Ramillies.ramilies

Tales of Western Australia's Convicts. Volume 1. The story of 277 convicts who arrived at the Swan Colony in 1854.

Researched and compiled by Glennis Sewell.

ISBN 978-0-86905-914-5, (New, 2021), A4, 228 pages, 650 grams, $50.00*


Since giving a talk to the Convict Group of the WA Genealogical Society in October, 2017 I had been expecting a collection of scattered convict biographies to publish in a proposed book. Irma Walter had produced her Stout Hearted but there was little indication that the good intentions of members were going to result in anything solid. 

However when Glennis Sewell’s manuscript arrived in October 2021 I was both very surprised and greatly impressed.

So opening Glennis’ magnificent contribution was a hearkening back to Rica Erickson and the early days of the great projects that resulted in the Dictionary of West Australians.

Now Glennis, working alone, and far from Perth, has produced this great offering of ancestor worship.

Such dedication and competence is now rarely seen, and certainly not from our degraded academic institutions or from those leech swamps involuntarily funded by the taxpayers.

This shows what can be done with dedication and a belief in ones capabilities when distractions and negativity are cast aside.

The 10,000 plus convicts who were sent to Western Australia included my great grandfather on the Corona, and his father in law who had arrived on the Amity in 1826.   William Thacker was the only person on that little ship who stayed on, and so becomes the first British settler of Western Australia.  

It amuses me that there are so many descendants of the 10,000. Many seem to have had some success in marrying female migrants and free settlers.

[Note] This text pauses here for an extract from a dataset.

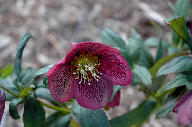 Grape Galaxy Hellebore will grow to be about 14 inches tall at maturity, with a spread of 24 inches. When grown in masses or used as a bedding plant, individual plants should be spaced approximately 18 inches apart. Its foliage tends to remain dense right to the ground, not requiring facer plants in front. It grows at a medium rate, and under ideal conditions can be expected to live for approximately 5 years. As an evegreen perennial, this plant will typically keep its form and foliage year-round.
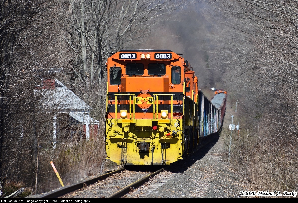 After being loaded with stone at Tilcons Reeds Gap quarry, Providence & Worcester train CT-1 led by three C40-8s, climb the grade towards Williams Road in Wallingford. The train is headed for Cedar Hill yard in North Haven. Later at night, a new crew operating as train CHFP will make the trip to Fresh Pond yard in Queens, NY.

This says something about many of the latter males.

I see that England had two classes: Those that had been caught, and those that had not. Any examination of society will show that among the latter were many of the greatest criminals of their time, who occupied positions of great power. Similarly today, some of the wealthiest and politically powerful deserve swift application of the hemp rope.

The law goes hard on man or woman, Who steals the goose from off the common. But lets the greater sinner loose, Who steals the common from the goose.

While we are now inundated with stories of the hard lives of aboriginal citizens, little consideration has been given to the lives of the convicts, dragooned from a thriving European society, and left in a strange land without the support of family or society. 

Barrington’s refrain, ‘True patriots they, let it be understood. They left their country for their countries good’ may have been said ruefully, but seeing how these true born Englishmen prospered it can be truthfully said that they were England’s loss.

Descendants of the convicts, who are proud to claim their ancestry, have risen to the highest honours, and of wealth and political power.